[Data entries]
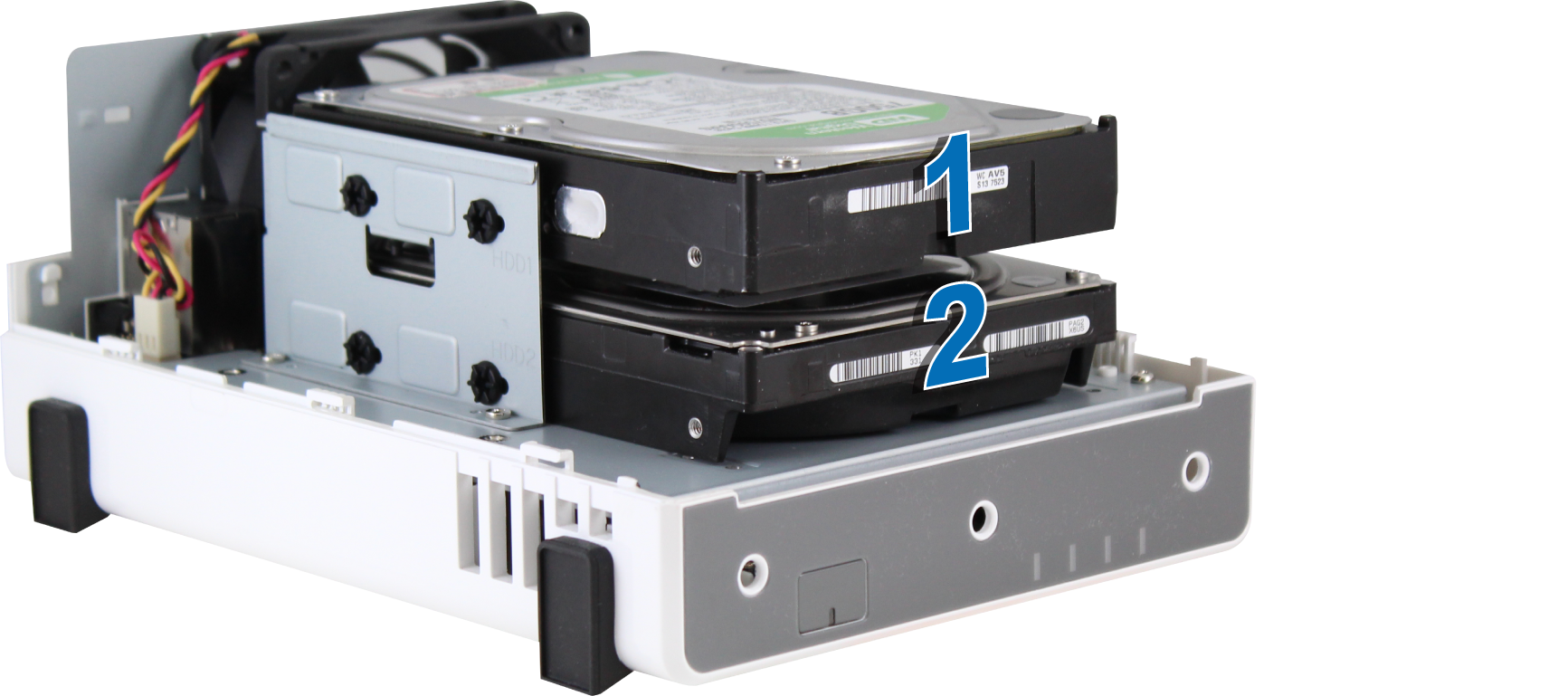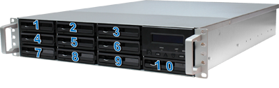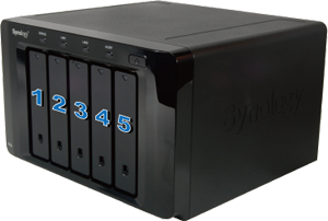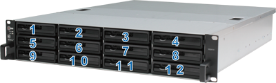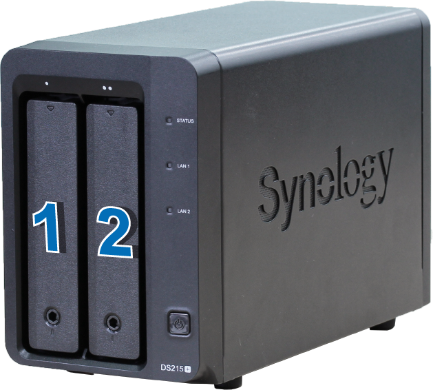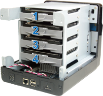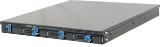 針對(duì) 2 顆或以上硬盤機(jī)種的 Synology NAS,硬盤位置的排序由左至右,或是由上至下。 要找到實(shí)際相應(yīng)硬盤,請(qǐng)參照下圖所示的編號(hào)。
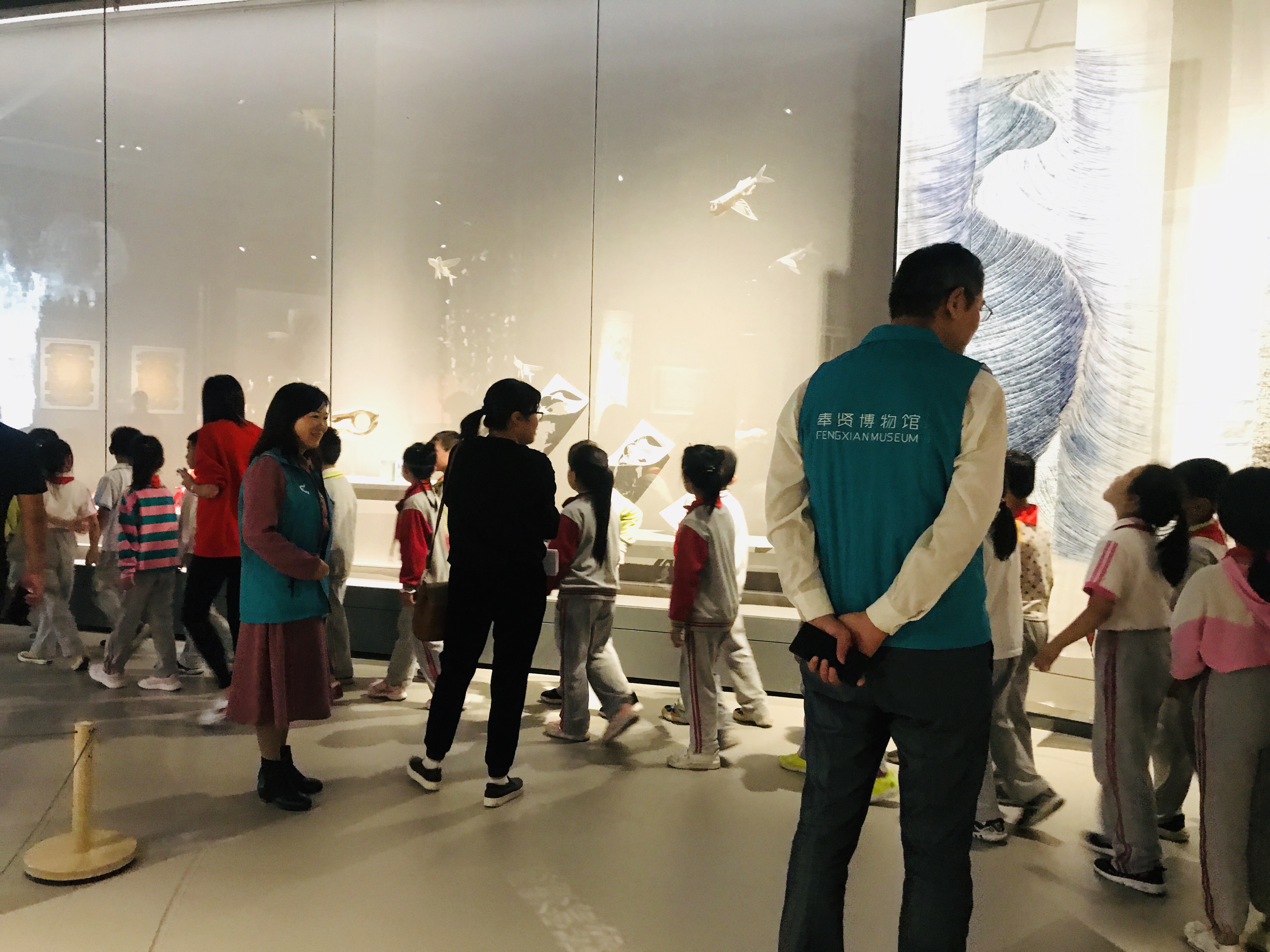 教师们到馆之后立即就穿上了志愿服,在博物馆工作人员的安排下来到场馆各个角落担任指引、协管和问询等工作。当天下午,恰逢奉贤区诸多小学数百名学生前来参观,教师们耐心引领,积极协管,给每位参观者留下了美好印象。在志愿服务过程中,老师们也充分体会到了志愿者工作的艰辛和奉献精神,同时深深感受到在中国这样一个发展中的人口大国,只有涌现出更多乐于奉献的志愿者,社会才能变得更加有序和谐。(作者:谢国日 供稿单位:马克思主义学院)
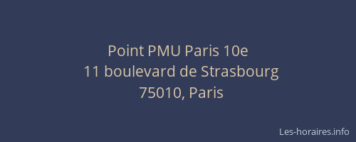 Vous pouvez renseigner les horaires Point PMU 10e situé à Paris,
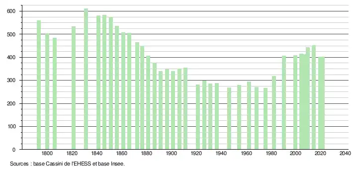 L'évolution du nombre d'habitants est connue à travers les recensements de la population effectués dans la commune depuis 1793. Pour les communes de moins de 10 000 habitants, une enquête de recensement portant sur toute la population est réalisée tous les cinq ans, les populations légales des années intermédiaires étant quant à elles estimées par interpolation ou extrapolation[26]. Pour la commune, le premier recensement exhaustif entrant dans le cadre du nouveau dispositif a été réalisé en 2004[27].
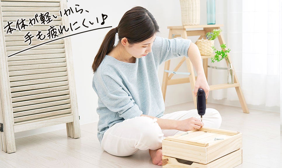 本製品は、プロが現場で使うような強力なインパクト(打撃)機能や、硬い壁への穴あけ機能は備えていません。その代わり、ご家庭での作業に必要十分な機能を詰め込みました。
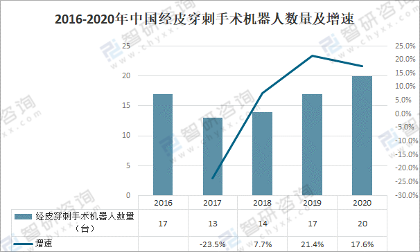 2016-2020年中國經(jīng)皮穿刺手術(shù)機器人數(shù)量及增速
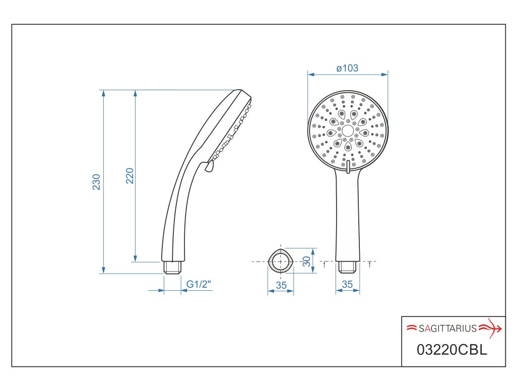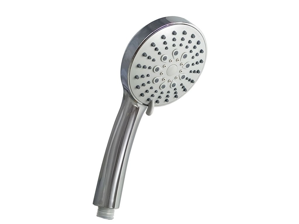 Plastová ručná sprcha s možnosťou prepnutia medzi piatimi režimami prúdu: dážď, sauna, masáž, dážď+masáž, dážď+sauna.
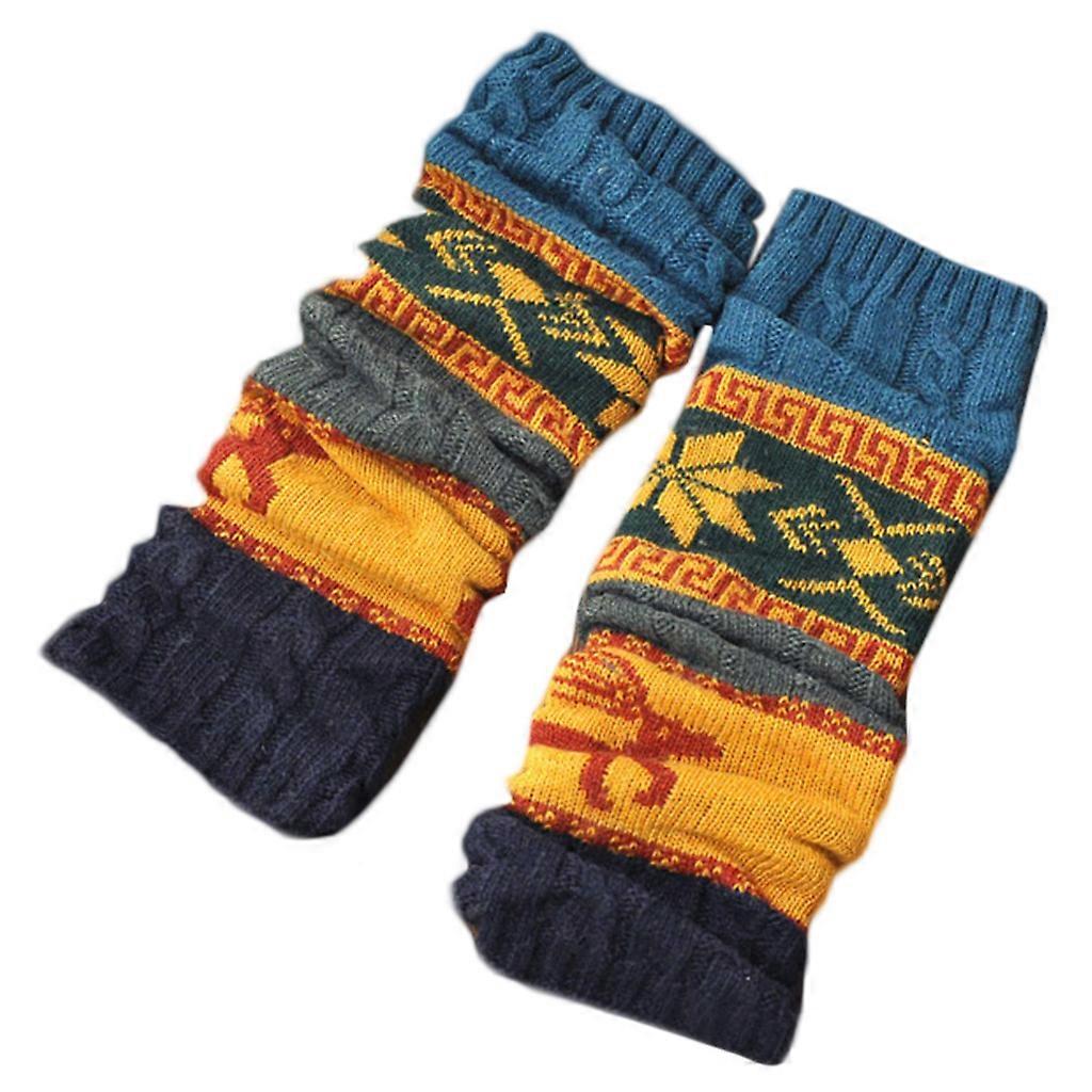 Women Christmas Winter Leg Warmers Sleeve Snowflake Reindeer Print Crochet Long Socks Twist Cable Knit Boot Cuffs Cover Lake Blue
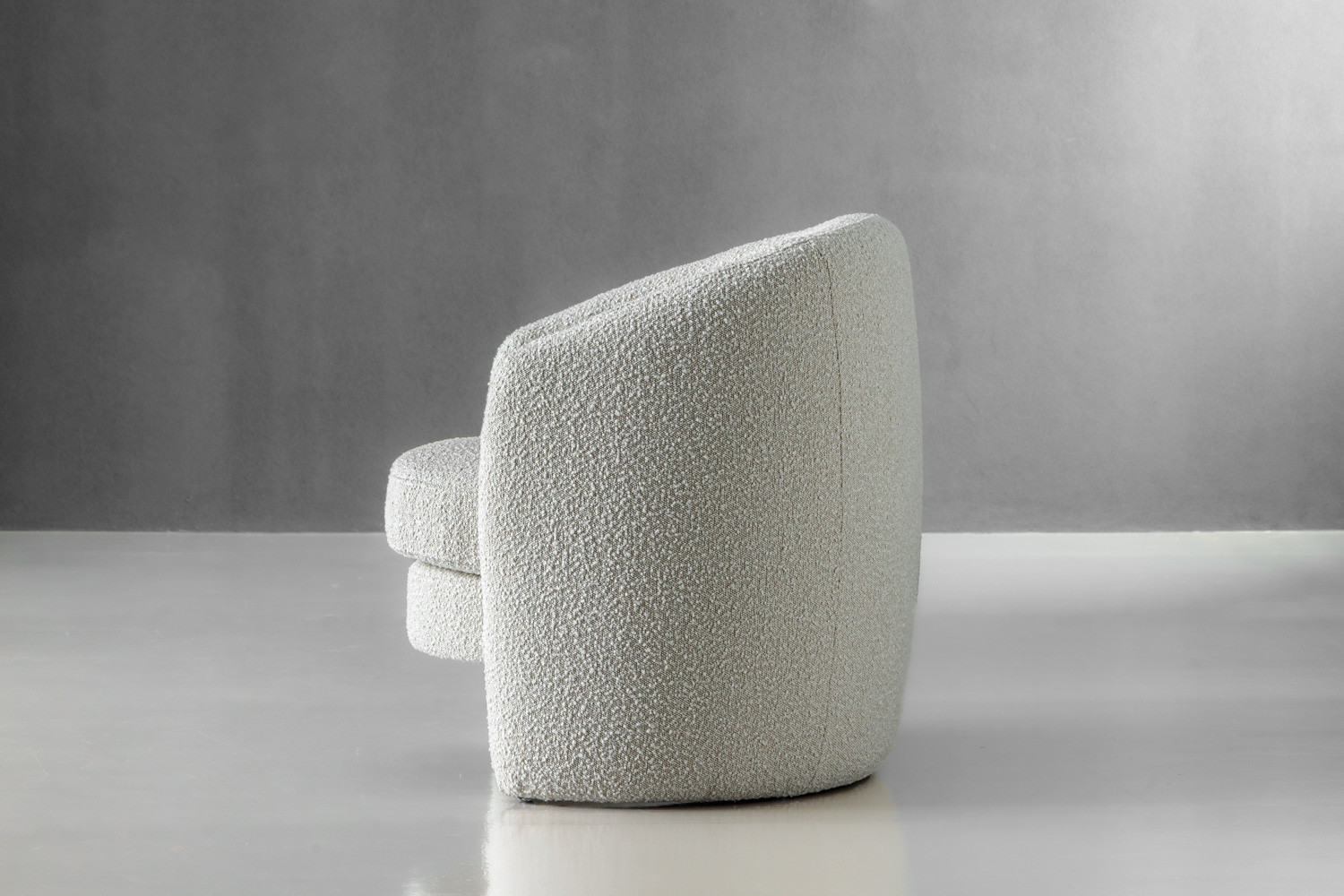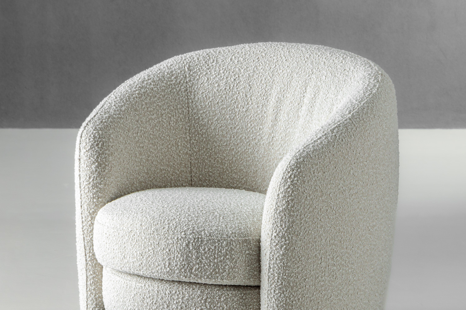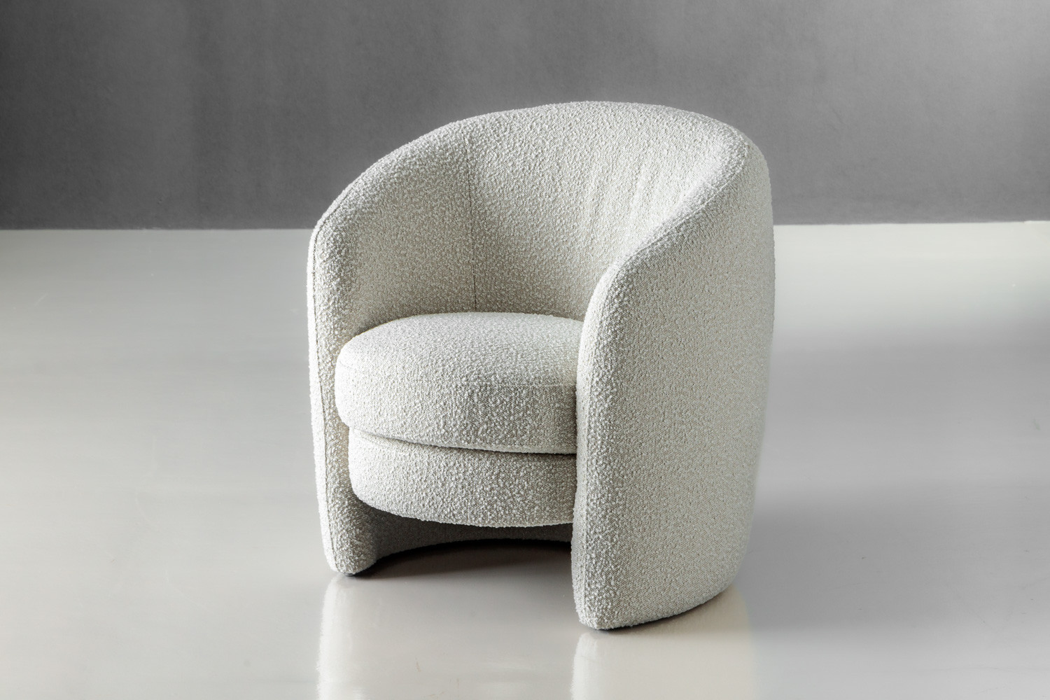 Step into the world of post-modern luxury with the Addison Armchair, a truly iconic piece designed to make a bold statement in any living space. Crafted with plush polyester boucle fabric, the chair’s unique cylindrical silhouette offers both comfort and a cutting-edge aesthetic. The soft, tactile texture of the boucle fabric adds an inviting layer of warmth, making this armchair the perfect spot for relaxing, reading, or enjoying a conversation.
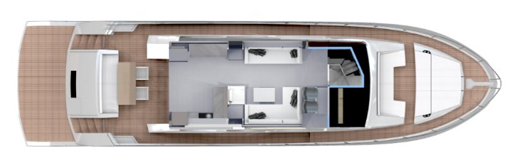Il segmento evolve verso flybridge sempre più attrezzati, interni più panoramici e sistemi di supporto alla conduzione e al comfort (stabilizzazione, integrazione elettronica, controllo assetto). Il 66 intercetta questi driver con coerenza: fly come area principale, salone luminoso, layout completo e tecnologie orientate a semplificare la gestione.
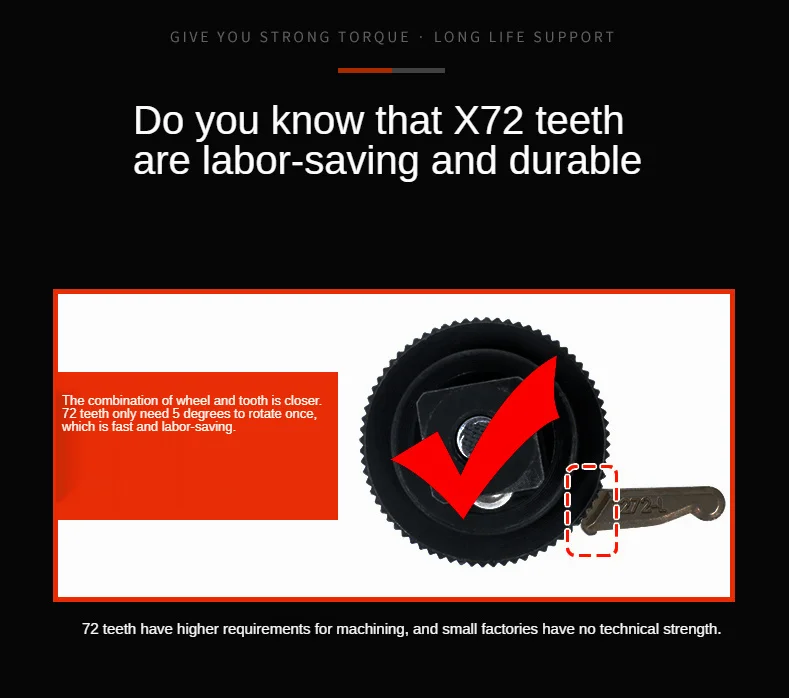 В 72-зубчатой храповой идеально подходит для труднодоступных местах. Легко изменить с помощью щелчка большого пальца.
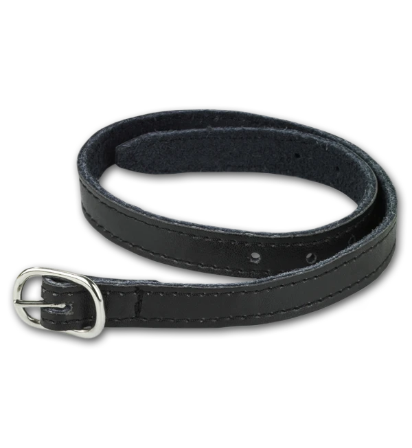Pair of black leather spur straps with pre-punched holes. These leather Spur Straps are a quality choice for pairing with your spurs, to keep them in place on your boots. Adult size (18″)
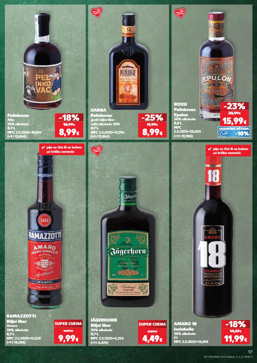 -27% 6,22 € kratkotrajna ponuda kratkotrajna ponuda kratkotrajna ponuda kratkotrajna ponuda kratkotrajna ponuda samo samo samo samo kratkotrajna ponuda samo jägerhorn biljni liker 30% alkohola 0,7 l mpc 2.5.2025=6,22€ (=1 l 6,42€) amaro 18 isolabella 30% alkohola 1 l mpc 2.5.2025=14,69€ -18% (=1 l 12,85€) darna pelinkovac gorki biljni liker udio alkohola 28% 0,7 l mpc 2.5.2025=11,39€ -25% (=1 l 12,85€) pelinkovac alte 35% alkohola 0,7 l mpc 2.5.2025=10,81€ -18% (=1 l 14,28€) ramazzotti biljni liker amaro 30% alkohola 0,7 l mpc 2.5.2025=12,52€ super cijena samo 4,49 € 11,99 € 14,69 € 8,99 € 11,99 € 8,99 € 10,99 € 9,99 € -23% (=1 l 31,98€) rossi pelinkovac epulon 30% alkohola 0,5 l mpc 2.5.2025=20,02€ 15,99 € 20,99 € -10% dodatna ušteda super cijena samo ✓ pije se čist ili sa ledom uz krišku naranče ✓ pije se čist ili sa ledom uz krišku naranče s17-hr-kw16-oc1-online1_5_4_r-1030-11 17
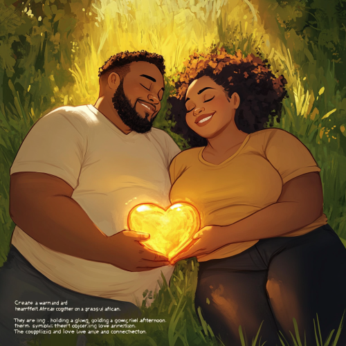 "Create a warm and heartfelt scene of an plus-sized African American couple lying together on a grassy field during a peaceful afternoon. They are holding a glowing, golden heart-shaped object between them, symbolizing their love and connection. The couple has relaxed and content expressions, enjoying the serenity of the moment. Their clothing is casual and comfortable, with the soft sunlight filtering through the trees, adding a gentle warmth to the scene. Surround them with soft shadows, subtle highlights, and a tranquil environment to enhance the emotional depth and intimacy of the scene." Realistic cartoon
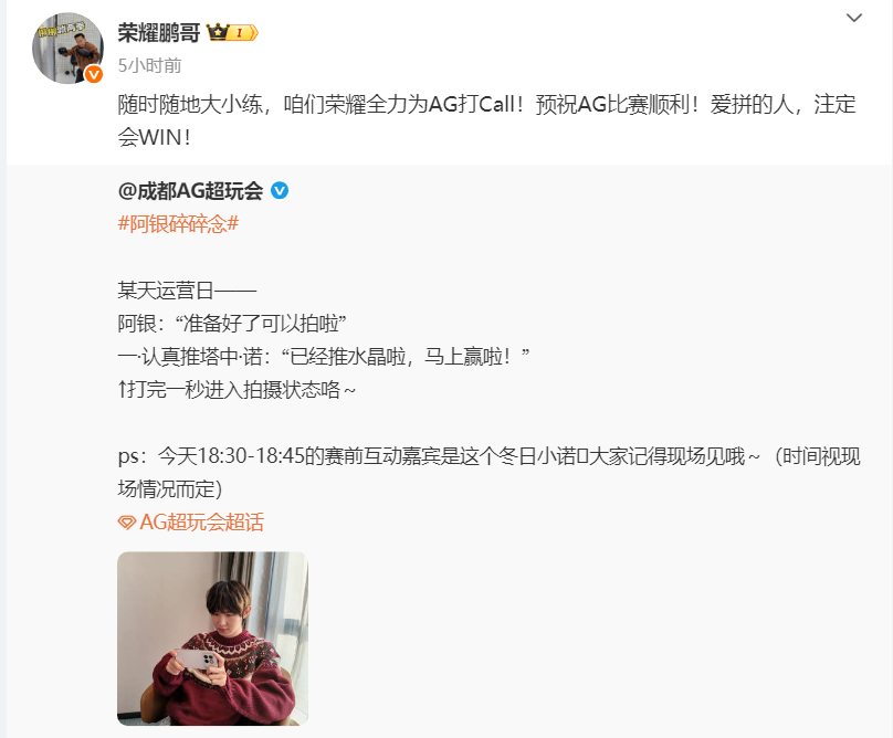 而很快榮耀中國區電商部部長 @榮耀鵬哥 轉發了一條AG電競俱樂部發布的隊員一諾的日常花絮更是被認為是在暗示,這就是榮耀WIN系列的真機諜照。根據 @成都AG超玩會 發布的微博顯示,這是記錄了一諾手持神秘新機全神貫注游戲的畫面,并配文“已經推水晶啦,馬上贏啦”。將圖片放大之后可以看到,一諾手中使用的正是“榮耀WIN”系列新機,而這也被認為是該系列新機的首次曝光。

◆ WORK INSTRUCTIONS
The expected output is the lines above from the one containing "L'évolution du nombre" to the one containing "Step into the", both ends included, reproduced exactly with every picture left out.

◆ YOUR RESPONSE
 L'évolution du nombre d'habitants est connue à travers les recensements de la population effectués dans la commune depuis 1793. Pour les communes de moins de 10 000 habitants, une enquête de recensement portant sur toute la population est réalisée tous les cinq ans, les populations légales des années intermédiaires étant quant à elles estimées par interpolation ou extrapolation[26]. Pour la commune, le premier recensement exhaustif entrant dans le cadre du nouveau dispositif a été réalisé en 2004[27].
 本製品は、プロが現場で使うような強力なインパクト(打撃)機能や、硬い壁への穴あけ機能は備えていません。その代わり、ご家庭での作業に必要十分な機能を詰め込みました。
 2016-2020年中國經(jīng)皮穿刺手術(shù)機器人數(shù)量及增速
 Plastová ručná sprcha s možnosťou prepnutia medzi piatimi režimami prúdu: dážď, sauna, masáž, dážď+masáž, dážď+sauna.
 Women Christmas Winter Leg Warmers Sleeve Snowflake Reindeer Print Crochet Long Socks Twist Cable Knit Boot Cuffs Cover Lake Blue
 Step into the world of post-modern luxury with the Addison Armchair, a truly iconic piece designed to make a bold statement in any living space. Crafted with plush polyester boucle fabric, the chair’s unique cylindrical silhouette offers both comfort and a cutting-edge aesthetic. The soft, tactile texture of the boucle fabric adds an inviting layer of warmth, making this armchair the perfect spot for relaxing, reading, or enjoying a conversation.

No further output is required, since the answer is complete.